| DATA |
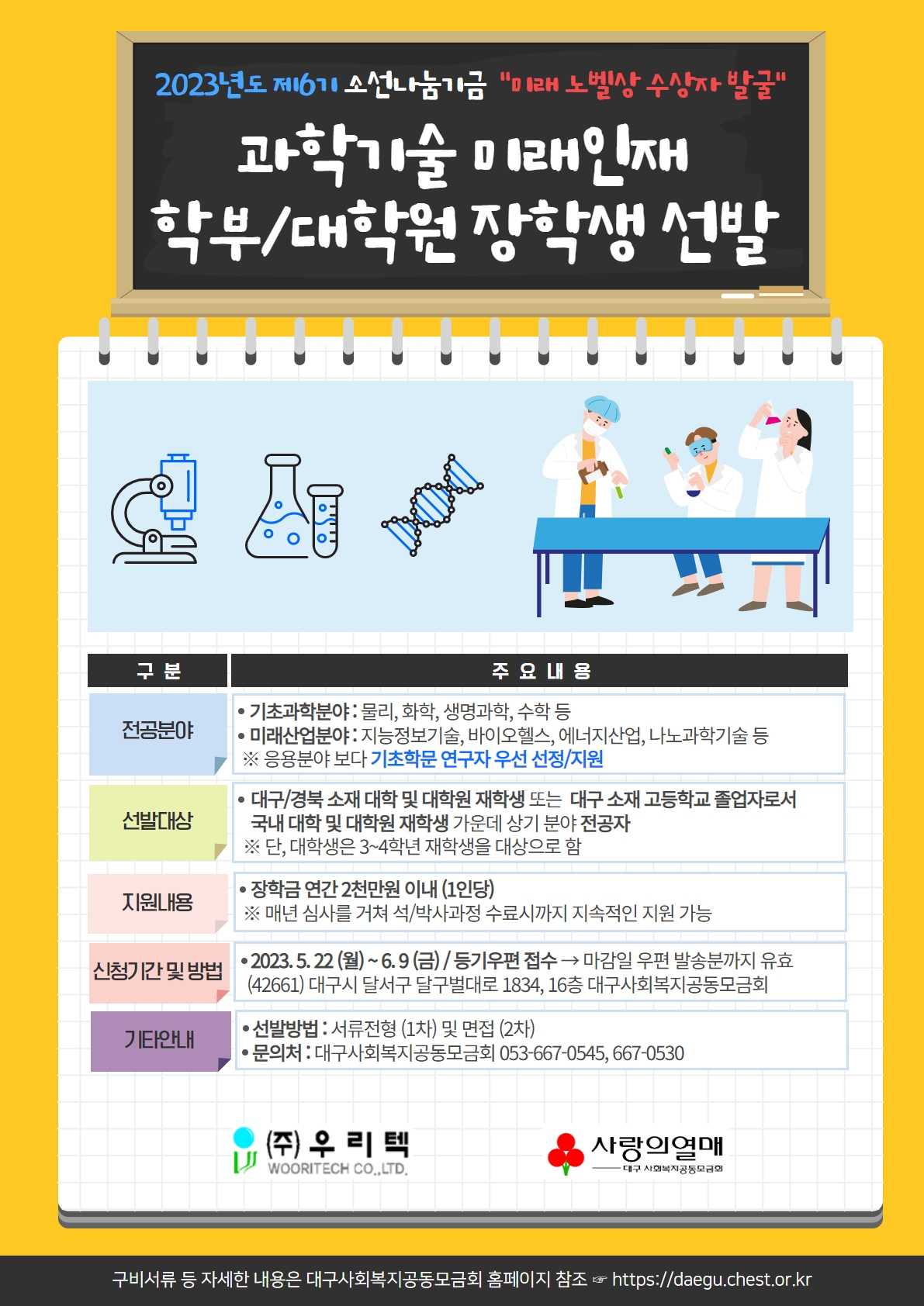 2023년 소선나눔기금 과학기술분야 대학(원)생 장학금 지원사업을 아래와 같이 안내합니다.
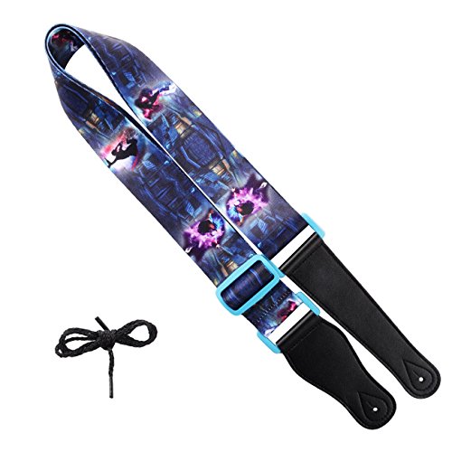 -. Brand : DYZD -. Feature : Dimensions: length 59 inches, width 1.96 inches (Adjustable from 49 inches to 70 inches) / Strong Eco-friendly polyester, dirt and stain resistant. / Secure leather holes and bonus pick pocket makes it great adults or kids guitar strap. / 100% Microfiber leather ends provide strength and durability you can trust. / New design pattern - Collection is inspired by the fashions and styles of rock and roll. -. Label : ZHAOWEI -. Manufacturer : ZHAOWEI -. MPN : AEC10024200034 -. PackageQuantity : 1 -. PartNumber : AEC10024200034 -. ProductGroup : Musical Instruments -. ProductTypeName : INSTRUMENT_PARTS_AND_ACCESSORIES -. Publisher : ZHAOWEI -. Studio : ZHAOWEI -. Title : Guitar Strap - Heat Transfer Printing,Wide Adjustment Range and Secure Leather Holes, Suitable for Electric and Acoustic Guitar or Bass
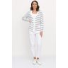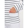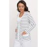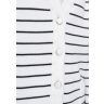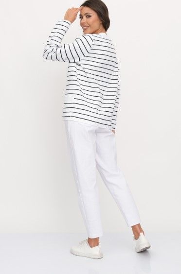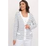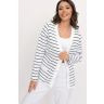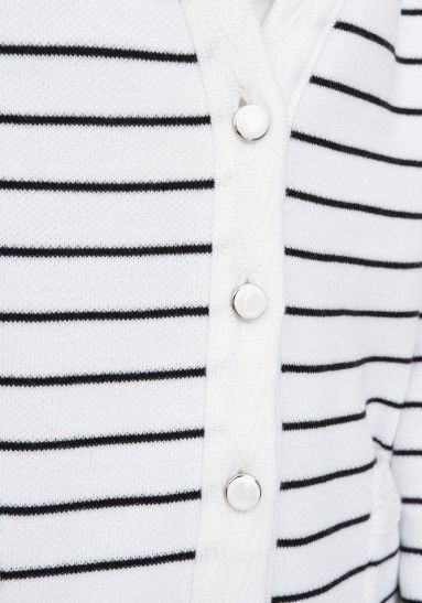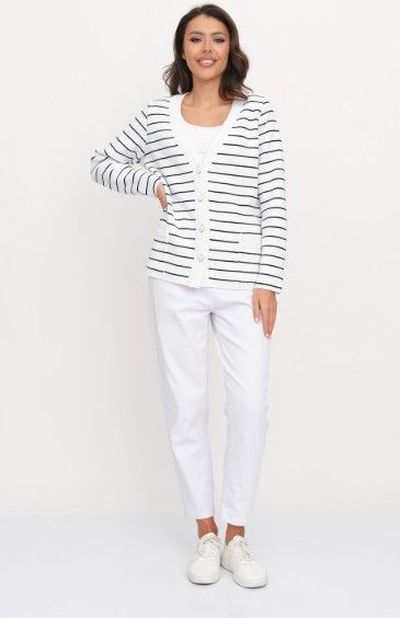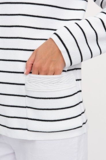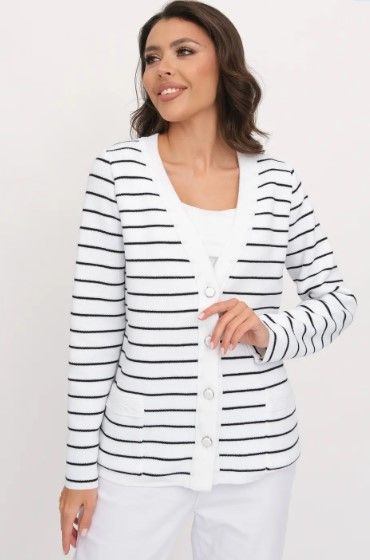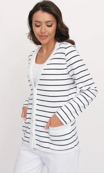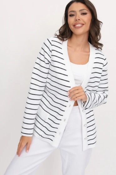 Молодежный жакет свободного силуэта в тонкую горизонтальную полоску контрастного черного цвета. Ворот изделия, передняя планка и края карманов отделаны однотонной белой бейкой.

| WORK INSTRUCTIONS |
All of the lines above should be copied exactly, apart from the pictures.

| SOLUTION TO THE EXERCISE |
 2023년 소선나눔기금 과학기술분야 대학(원)생 장학금 지원사업을 아래와 같이 안내합니다.
 -. Brand : DYZD -. Feature : Dimensions: length 59 inches, width 1.96 inches (Adjustable from 49 inches to 70 inches) / Strong Eco-friendly polyester, dirt and stain resistant. / Secure leather holes and bonus pick pocket makes it great adults or kids guitar strap. / 100% Microfiber leather ends provide strength and durability you can trust. / New design pattern - Collection is inspired by the fashions and styles of rock and roll. -. Label : ZHAOWEI -. Manufacturer : ZHAOWEI -. MPN : AEC10024200034 -. PackageQuantity : 1 -. PartNumber : AEC10024200034 -. ProductGroup : Musical Instruments -. ProductTypeName : INSTRUMENT_PARTS_AND_ACCESSORIES -. Publisher : ZHAOWEI -. Studio : ZHAOWEI -. Title : Guitar Strap - Heat Transfer Printing,Wide Adjustment Range and Secure Leather Holes, Suitable for Electric and Acoustic Guitar or Bass
 Молодежный жакет свободного силуэта в тонкую горизонтальную полоску контрастного черного цвета. Ворот изделия, передняя планка и края карманов отделаны однотонной белой бейкой.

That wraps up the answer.